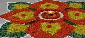 પીળા રંગના ગલગોટા સાથએ લાલ રંગના ગુલાબની પાખડીઓથી તમે અવનવી ડિઝાઈનમાં ઘરના આંગણમાં રંગોળી કરી શકો છઓ જે તમારા આંગણને મહેકાવશે પણ અને શોભા પણ વઘારશે
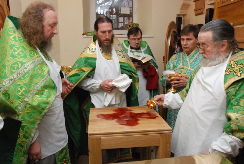 После утверждения престола владыка Ириней прочитал молитву, в которой, подобно Соломону, просил Господа ниспослать Пресвятого Духа и освятить храм и жертвенник, чтобы бескровные Жертвы, возносимые на нем, были приняты в Небесный Жертвенник и низвели бы оттуда на человека благодать небесного осенения.
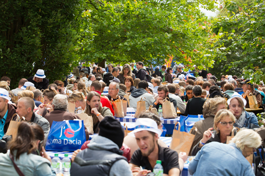 Evenimentul a fost botezat Marele Picnic Dacia şi a ajuns în 2014 la a şasea ediţie, astfel că a devenit o tradiţie binecunoscută şi mult aşteptată de fiecare francez care a cumpărat măcar una dintre cele 600.000 de maşini pe care Dacia le-a vândut în Franţa din 2005 încoace. Oamenii ajung la Courson cu familiile în maşina proprie, pe care o parchează într-una dintre cele trei parcele imense extrem de bine organizate din jurul Domeniului. Deşi căile de acces sunt înguste, şi este normal să fie aşa din moment ce ne aflăm într-o comună, cozile kilometrice lipsesc cu desăvârşire, iar evenimentul pare organizat impecabil încă dinainte să păşim pe iarba superbă de lângă castelul francez. În parcări se intră şi se parchează ordonat, în ordinea sosirii, iar cele 3100 de Dacii care au ajuns astăzi la Courson reuşesc să se aşeze una lângă alta fără a se bloca reciproc, în linişte. Din maşini ies mame şi taţi cu doi-trei copii în medie, familiile numeroase fiind una dintre ţintele preferate ale mărcii Dacia în Franţa.
---*---
§ Problem description:
Output the whole listing exactly. Pictures stay out.

§ Response below:
 પીળા રંગના ગલગોટા સાથએ લાલ રંગના ગુલાબની પાખડીઓથી તમે અવનવી ડિઝાઈનમાં ઘરના આંગણમાં રંગોળી કરી શકો છઓ જે તમારા આંગણને મહેકાવશે પણ અને શોભા પણ વઘારશે
 После утверждения престола владыка Ириней прочитал молитву, в которой, подобно Соломону, просил Господа ниспослать Пресвятого Духа и освятить храм и жертвенник, чтобы бескровные Жертвы, возносимые на нем, были приняты в Небесный Жертвенник и низвели бы оттуда на человека благодать небесного осенения.
 Evenimentul a fost botezat Marele Picnic Dacia şi a ajuns în 2014 la a şasea ediţie, astfel că a devenit o tradiţie binecunoscută şi mult aşteptată de fiecare francez care a cumpărat măcar una dintre cele 600.000 de maşini pe care Dacia le-a vândut în Franţa din 2005 încoace. Oamenii ajung la Courson cu familiile în maşina proprie, pe care o parchează într-una dintre cele trei parcele imense extrem de bine organizate din jurul Domeniului. Deşi căile de acces sunt înguste, şi este normal să fie aşa din moment ce ne aflăm într-o comună, cozile kilometrice lipsesc cu desăvârşire, iar evenimentul pare organizat impecabil încă dinainte să păşim pe iarba superbă de lângă castelul francez. În parcări se intră şi se parchează ordonat, în ordinea sosirii, iar cele 3100 de Dacii care au ajuns astăzi la Courson reuşesc să se aşeze una lângă alta fără a se bloca reciproc, în linişte. Din maşini ies mame şi taţi cu doi-trei copii în medie, familiile numeroase fiind una dintre ţintele preferate ale mărcii Dacia în Franţa.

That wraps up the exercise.